В конце концов, подумала я, мы видели друг друга голыми днем, почему бы не искупаться голыми ночью? Я скинула на траву платье, стянула маленькие трусики и кинулась в воду. Вадим тоже мигом избавился от одежды и бросился вслед за мной. В этом месте берег был не таким пологим, как на пляже, уже очень скоро наши ноги не ощутили дна. Вода в ночи оказалась восхитительной.
- Не уплывай далеко, я не хочу потерять тебя во тьме, - предупредил он. - Я близорукий.
Мы кружились на месте, плавно перебирая в воде руками, иногда Вадим приближался и я чувствовала, как соприкасаются мимолетно в воде наши руки и ноги, вообще-то в этих холодных лягушачьих прикосновениях было мало чего приятного, но Вадим явно шел на сближение и физический контакт.
- Ты довольна? - спросил он меня и широким взмахом руки послал ко мне бурлящую волну.
- Я ощущаю такую легкость, что кажется, если выйду из воды, то буду уже весить две-три тонны, - отфыркиваясь сообщила я ему.
Он вынес меня на берег на руках, пробежал несколько метров и осторожно поставил на песок. Не отошел, а остался стоять очень близко. От этой близости или просто на воздухе я почувствовала легкий озноб, обхватила себя руками.

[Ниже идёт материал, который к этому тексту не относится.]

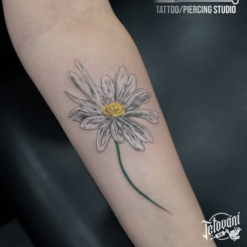 Tetování květina, kopretina na předloktí
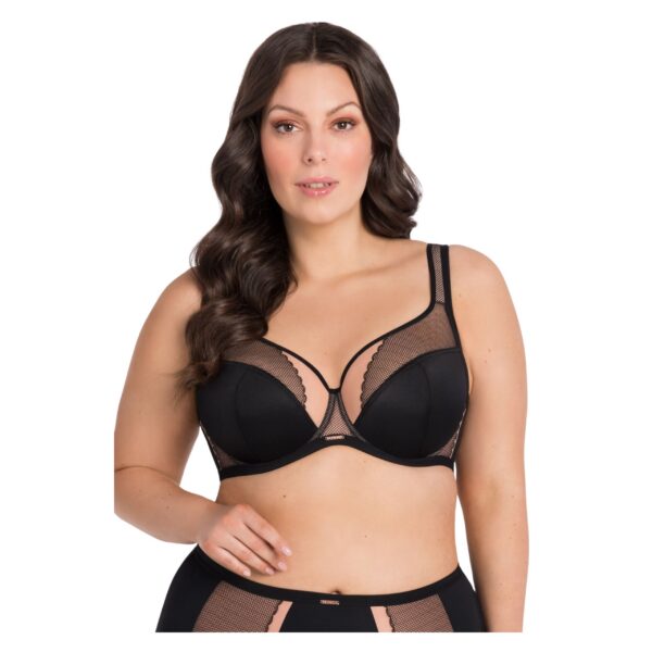 Miseczki i materiał: Miękkie miseczki wykonane z kryjącej dzianiny oraz subtelnej koronki, podszytej delikatną siateczką – gwarantują komfort i styl. Konstrukcja doskonale modeluje biust i zapewnia stabilność nawet przy większych rozmiarach.

- Надо одеться, - сказала я.
Вадим набросил мне на плечи свою рубашку, притянул к себе и поцеловал. Я ответила ему на этот поцелуй, наши языки переплелись, он обхватил меня за талию, а я обвила руки вокруг его шеи. Мы яростно работали ртами, словно пытаясь высосать друг из друга желанный, умопомрачительный оргазм, страсть нарастала, его холодный, но уже твердый член упирался мне в живот, я коснулась его кончиками пальцев и это вдруг испугало меня, это уже была не игра.
Он потянул меня вниз, на песок, стал неистово целовать и покусывать соски моих грудей. Я бессознательно защищалась, упираясь ладонями в его крепкие плечи.
- Нет, нет... - шептала я.
- Ну, почему?.. Ты же хочешь?
Я действительно хотела и это была реальность моих ощущений в настоящий момент, но именно это осознание заставило меня вдруг трезво оценить ситуацию: где-то была Лола, которая наверняка сходила с ума, я вовсе не хочу ей изменять и причинять боль, пусть я на нее сердита, но это не лучший, как я уже знала из личного опыта, способ мести, ничего путного из этой скоропалительной связи не вышло бы все равно, и вряд ли я получу удовлетворение, к тому же меня раздражал мокрый шершавый песок под моей голой задницей.
Конечно, эти доводы Вадима совсем не интересовали, он уже сильно завелся и тяжело дышал в предчувствии секса, все больше подминая меня под себя, он действовал не грубо, но настойчиво, горячая рука уже ласкала мои половые губы, между которыми предательски становилось жарко и влажно, но сознание мое было ясным, я уже знала, что не допущу последнего... его тело втиснулось между моими бедрами, ягодицы ритмично задвигались приноравливаясь, еще немного и он вошел бы в меня, я схватила его пенис, сжала и тут он плеснул на мои губы струю спермы.
Покорчившись немного в судорогах, он обмяк, откинулся на спину и не мигая уставился на звезды.
Я вытерла пылающую промежность и мокрую руку своими трусиками. Встала, счистила налипший песок с ягодиц и бедер, одела платье, грязные трусики зашвырнула в кусты. Не сказав ни слова, пошла в сторону кемпинга. Вадим меня не окликнул...
Свет в окне нашего коттеджа не горел, я поднялась на террасу, услышав, как под моими ногами тихо по-кошачьи мяукнули половицы. Дверь оказалась тоже заперта и я легонько постучалась.
- Лола, Лола... - тихо позвала я.
Она не отозвалась, хотя я была уверена, что Лола находилась внутри.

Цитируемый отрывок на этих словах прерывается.